The race to build safe AI enters a new phase

Cát Tiên | 03/04/2026 16:00

AI companies are accelerating the development of new tools to detect and redirect users with signs of extremism and violence to appropriate support programs.

AI moves from response to behavioral intervention

Artificial intelligence companies are stepping up efforts to ensure safety when developing tools capable of detecting and intervening early with users with signs of extremism.

One of the notable new directions is the combination of chatbots with real-life support programs to reduce the risk of violence.

According to project participants, a tool being developed in New Zealand will help identify users with extremist tendencies when using ChatGPT, thereby directing them to anti-extremism programs operated by humans or chatbots.

This is a new step in the context that AI platforms are increasingly under pressure from accusations of not controlling dangerous content.
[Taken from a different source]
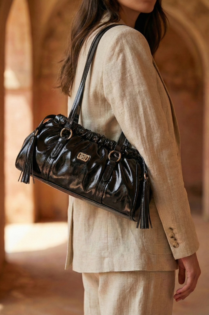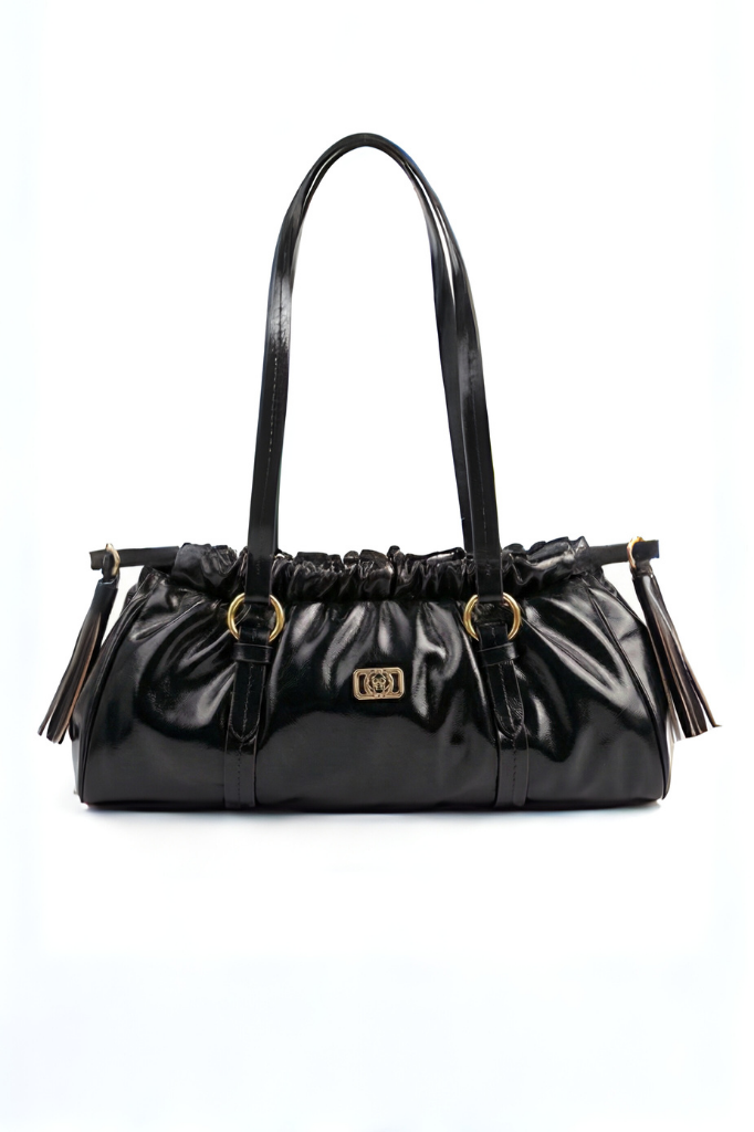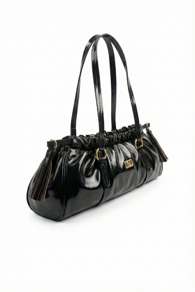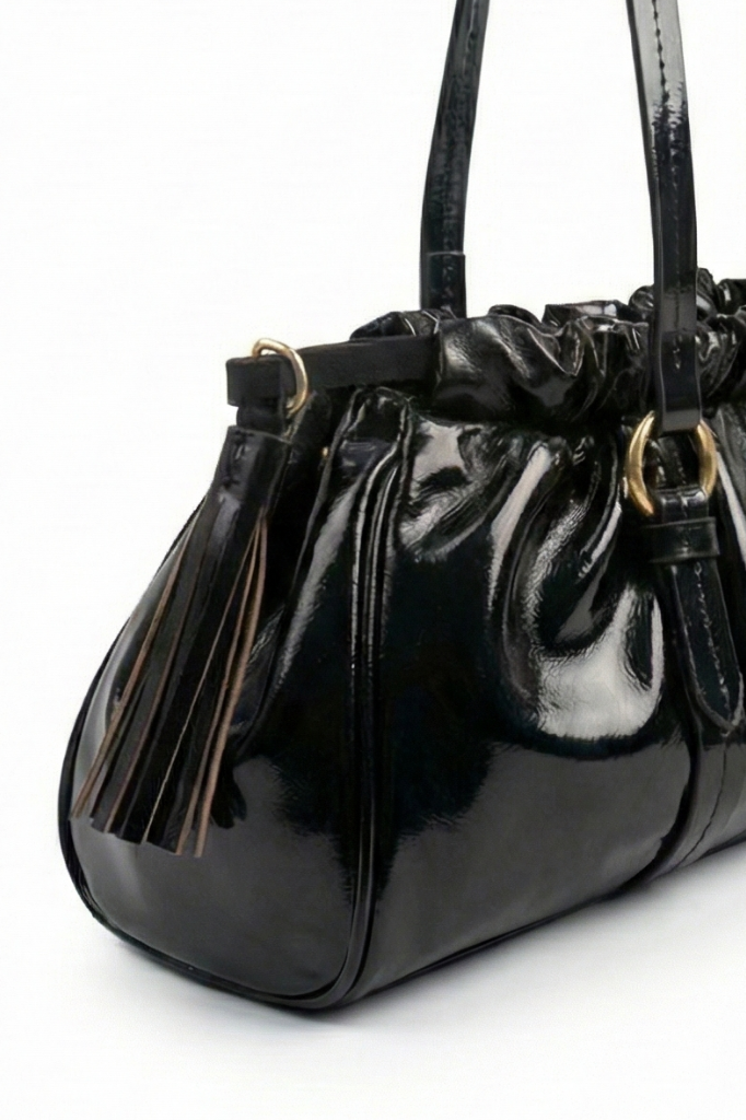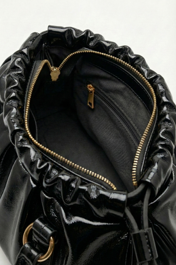 • Yumuşak dokulu suni deri yüzeyi ve büzgülü modern formu ile günlük stilinize sofistike ve trend bir hava katar.

Previously, an incident in Canada caused OpenAI to be threatened with intervention for not promptly notifying users related to a school shooting.

What is ThroughLine?

The center of this initiative is ThroughLine, a startup that was previously hired by OpenAI, Anthropic and Google to handle crisis situations such as self-harm, domestic violence or eating disorders.

The company founded by technology businessman Elliot Taylor, from New Zealand, is currently expanding its scope to combat extremism.

ThroughLine owns a network of about 1,600 support lines in 180 countries. When the AI system detects signs of crisis, users will be connected to the nearest support services performed by humans.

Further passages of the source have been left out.